Today, we're interested in normal distributions. They are represented by a bell curve: they have a peak in the middle that tapers towards each edge. A lot of things follow this distribution, like your height, weight, and IQ.

This distribution is exciting because it's symmetric – which makes it easy to work with. You can reduce lots of complicated mathematics down to a few rules of thumb, because you don't need to worry about weird edge cases.

For example, the peak always divides the distribution in half. There's equal mass before and after the peak.

Another important property is that we don't need a lot of information to describe a normal distribution.

Indeed, we only need two things:

1. The mean. Most people just call this "the average." It's what you get if you add up the value of all your observations, then divide that number by the number of observations. For example, the average of these three numbers: `1, 2, 3 = (1 + 2 + 3) / 3 = 2`
2. And the standard deviation. This tells you how rare an observation would be. Most observations fall within one standard deviation of the mean. Fewer observations are two standard deviations from the mean. And even fewer are three standard deviations away (or further).

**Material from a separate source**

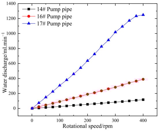 The overall rainfall simulation setup primarily consists of three parts: peristaltic pump, pump pipe, and custom-made water outlet device, as illustrated in Figure 3. Among these components, the LM60A-YZ1515X-3B peristaltic pump (which is produced by NANJING RUNZE FLUID CONTROL EQUIPMENT CO.LTD from Nanjing, China) serves as the speed control device, and the flow speed curve of different types of pump pipes is shown in Figure 4. The 17# pump pipe is selected as the water delivery tube, with a flow rate range of 2 to 1249 mL/min. The dimensions of the water outlet device are 1.05 m (length) × 0.50 m (width).

Together, the mean and the standard deviation make up everything you need to know about a distribution.

The 68-95-99 rule

The 68-95-99 rule is based on the mean and standard deviation. It says:

68% of the population is within 1 standard deviation of the mean.

95% of the population is within 2 standard deviation of the mean.

99.7% of the population is within 3 standard deviation of the mean.

How to calculate normal distributions

To continue our example, the average American male height is 5 feet 10 inches, with a standard deviation of 4 inches. This means:

Now for the fun part: Let's apply what we've just learned.

What's the chance of seeing someone with a height between between 5 feet 10 inches and 6 feet 2 inches? (That is, between 70 and 74 inches.)

It's 34%! We leverage both the properties: the distribution is symmetric, which means chances for (66-70) inches and (70-74) inches are both 68/2 = 34%.

Let's try a tougher one. What's the chance of seeing someone with a height between 62 and 66 inches?

It's (95-68)/2 = 13.5%. Both outer edges have the same %.

And now your final (and hardest test): What's the chance of seeing someone with a height greater than 82 inches?

Here, we use also the final property: everything must sum to 100%. So the outer edges (that is, heights below 58 and heights above 82) together make (100% - 99.7%) = 0.3%.

Remember, you can apply this on any normal distribution. Try doing the same for female heights: the mean is 65 inches, and standard deviation is 3.5 inches.

So, the chance of seeing someone with a height between 65 and 68.5 inches would be: ___.

...

...

34%! It's exactly the same as our first example. It's +1 standard deviation.

Conclusion

Knowing this rule makes it very easy to calibrate your senses. Since all we need to describe any normal distribution is the mean and standard deviation, this rule holds for every normal distribution in the world!

The challenging part, indeed, is figuring out whether the distribution is normal or not.